PROBLEM DETAILS » Leave out the pictures and retype exactly the lines from the line with "খিচুড়ি খাওয়ার লাইন।" through the end of the listing below.
Start of GIVEN DATA
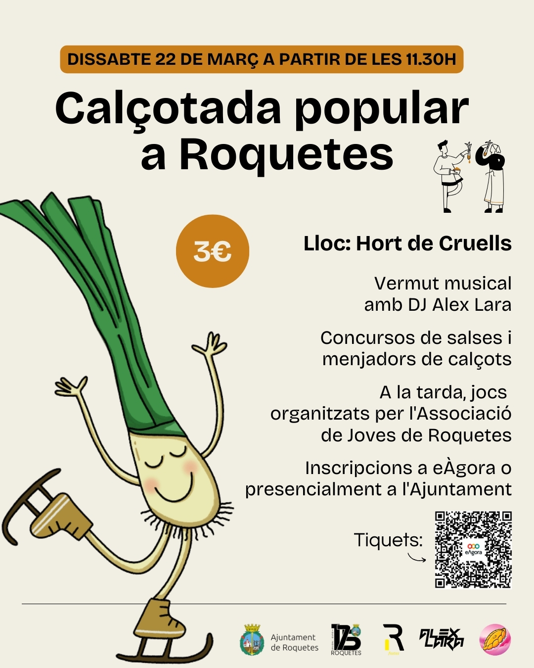 La jornada tindrà vermut musical amb DJ Alex Lara, així com concursos de salses i menjadors de calçots. A més, a la tarda s’organitzaran jocs per part de l’Associació de Joves de Roquetes, que asseguraran molta gresca entre les colles participants durant tot el dia.
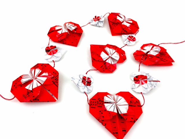kinard_origami_heart_garland4I have a collection of sheet music that I use for collage and origami projects. These pages were painted red on one side and white on the back.
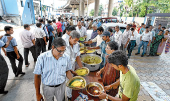 খিচুড়ি খাওয়ার লাইন। বুধবার, নবান্নে।—নিজস্ব চিত্র।
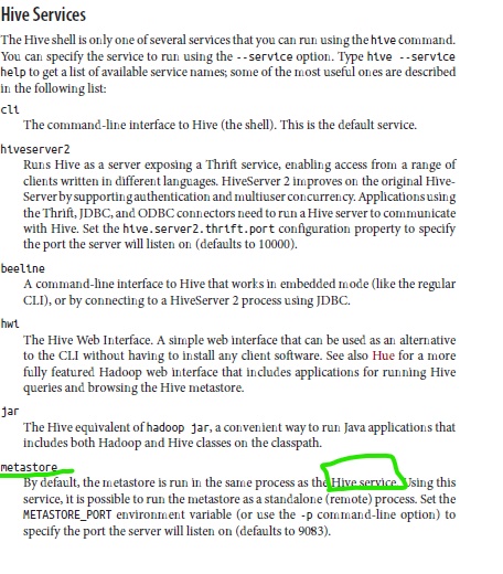 下面是Hive服务列表的片段(来自同一本书):
End of GIVEN DATA
OUTPUT BELOW »
 খিচুড়ি খাওয়ার লাইন। বুধবার, নবান্নে।—নিজস্ব চিত্র।
 下面是Hive服务列表的片段(来自同一本书):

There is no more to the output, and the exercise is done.